For both Sam Gbaydee Doe and Al Fuertes, the vocation of peacebuilding was forged in the trauma of civil war. In Doe’s native Liberia, 10 percent of the population perished. For Fuertes, growing up on the Philippine island Mindanao, one of the world’s longest recent wars seemed “a given.”
Now, over more than a decade, both men have been familiar faces at Eastern Mennonite University’s Summer Peacebuilding Institute in Harrisonburg, Va., first as students and later – including this summer – faculty.
Doe sought a place to recover from the trauma in Liberia, as well as seek ways to prevent such disasters, when he first attended SPI In 1996.
After earning a master’s from EMU’s Center for Justice and Peacebuilding, Doe worked with later CJP graduate Emmanuel Bombande to launch the West African Network for Peacebuilding. WANEP works with intergovernmental bodies on human rights and education while training local volunteers to spot “early warning signs” of violence.
Doe received EMU’s Distinguished Service Award in 2002 and earned a doctorate in 2010 from the UK’s University of Bradford. He has mentored fellow-African SPI alumni including Leymah Gbowee, who organized Women of Liberia Mass Action for Peace; fellow-Liberian Mack Mulbah, who established a peer mediation program; and Takwa Suifon, a research analyst from Cameroon.

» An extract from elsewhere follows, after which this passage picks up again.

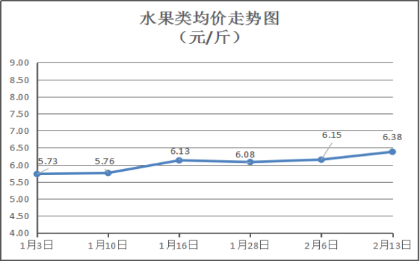 水果类商品价格上涨。所监测的6种水果综合均价为6.38元/斤,环比上涨3.74%。其中:橙子、苹果、梨零售均价分别为每斤6.00元、7.25元、5.25元,环比与上周分别下降2.44%、下降3.33%、上涨5.00%。

Since 2005, Doe has worked for the United Nations, serving in Fiji before becoming a Development and Reconciliation Advisor in Sri Lanka in 2007. In the wake of Sri Lanka’s long civil war, challenges include resolving conflict between Tamil and Sinhalese communities.
In his “Conflict-Sensitive Development and Peacebuilding” SPI course this May, Doe had students address the interrelated problems of “Tala,” a fictional name for a country struggling with issues resembling Uganda’s.
Students find that “development” in less-powerful nations may entail profiteers exploiting a less-regulated environment: “You’re not building factories; you’re only taking the trees, taking the oil. It leaves a lot of people disempowered,” Doe says. He hopes CJP, like WANEP, can evolve to “engage on the policy level.”
Reflecting on a recent visit to his extended family, Doe says, “Liberia is on a path of healing, but healing takes a long time.”
In May, as Al Fuertes finished teaching his SPI course, “Trauma Awareness and Transformation,” he was preparing to lead a George Mason University student group to the Philippines, where he directs a global education program.
Fuertes was a youth-camp leader, organizer and pastor in Mindanao before his first visit to EMU (then Eastern Mennonite College) as an undergraduate with the 1990-91 International Visitors Exchange Program.
He has participated in SPI as a student, dorm resident assistant, and – from 2001-04 as well as this summer – teacher.
Meanwhile, Fuertes has taught for 10 years in GMU’s multidisciplinary New Century College on topics including the refugee experience, forgiveness in divided communities, trauma healing and spirituality. He earned his doctorate at GMU, where he received the 2008 Teaching Excellence Award.
Fuertes’ book, Community-Based Warviews, focuses on displaced communities with whom he has worked: Karen refugees (many having lived 40 years in camps on the Thai-Burmese border) and those in Mindanao. He also writes about the importance of humanitarian groups asking beneficiaries what they need rather than deciding for them. He’s working on a book that draws from his popular spirituality class.
In teaching, Fuertes employs hands-on activities, storytelling and reflection. “Trauma,” he notes, is not only a clinical condition but one that affects whole communities. In SPI courses, despite the shared peacebuilding commitment, he finds, “Some members of a class may meet people there whom they believed to be their enemies.” That is how powerful learning challenges may begin.
–Chris Edwards is a free-lance writer living in Harrisonburg.